I'll end with arguably the most prominent consciousness expert and his probability estimate of current models is consciousness. To massively simplify theory of mind means having an idea of what is going on in other people's heads and grasping what they believe even if what they believe might be false. Here are the two charts that encapsulate the breakthrough abilities of GPT-3.5 and now GPT-4.

This data came out in a study authored by Michael Kaczynski a computational psychologist and professor at Stanford. I'm going to simplify all of this in a moment but notice the percentage of theory of mind tasks solved by GPT-4 compared to say a child and also compared to earlier language models.

Models released as recently as three years ago had no ability in this regard. Before I show you what for example an unexpected contents task is let me show you this other chart.
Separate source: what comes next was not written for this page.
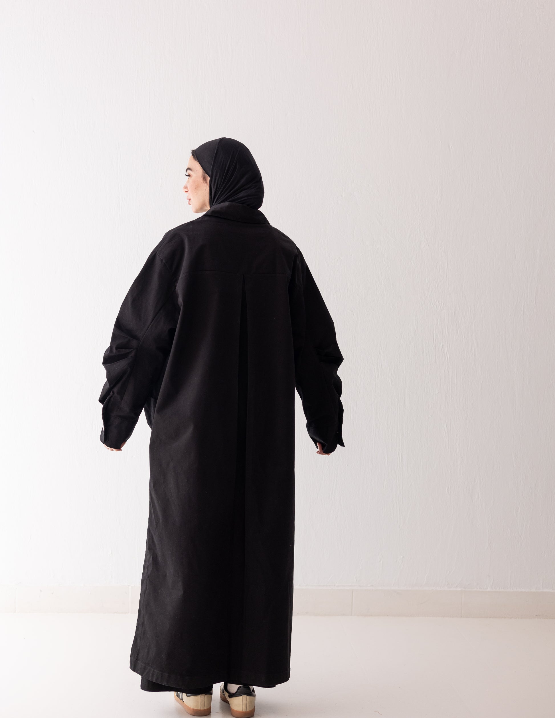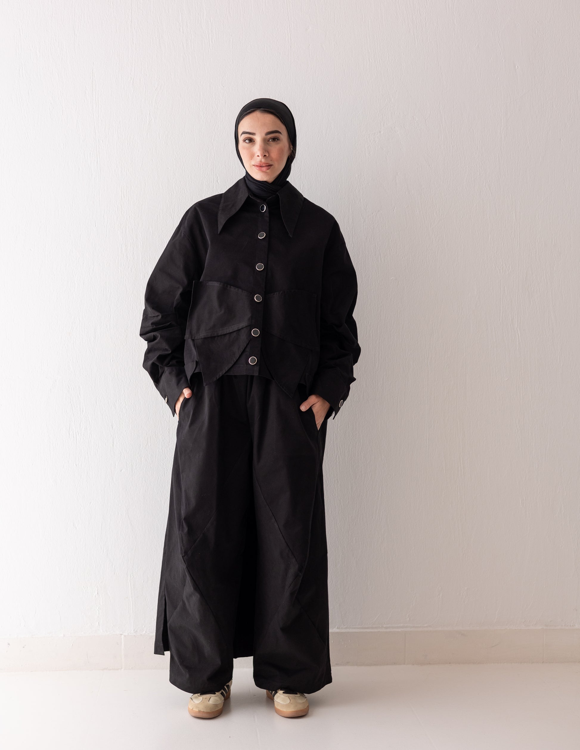 Designed in lightweight summer gabardine, the high-low jacket introduces movement through its asymmetric cut in deep black, paired with relaxed wide-leg pants. A silhouette that shifts with every step, with a strong and effortless presence.
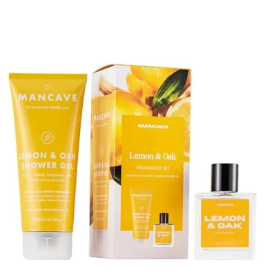 ManCave Lemon & Oak Men's Fragrance Gift Set, 50ml Eau de Toilette, 200ml Shower Gel, Natural Perfume for him, present idea him

This one is on understanding faux pas a closely related ability and again GPT-3.5 and particularly GPT-4 soaring ahead of other models and even matching the abilities of healthy adults.

So what exactly is this breakthrough emergent capability? I think this diagram from the study explains it really well. In the middle you can see a story given to GPT-3.5 sentence by sentence prompt by prompt. On the left you can see the model's confidence about what's in the bag. Is it chocolate?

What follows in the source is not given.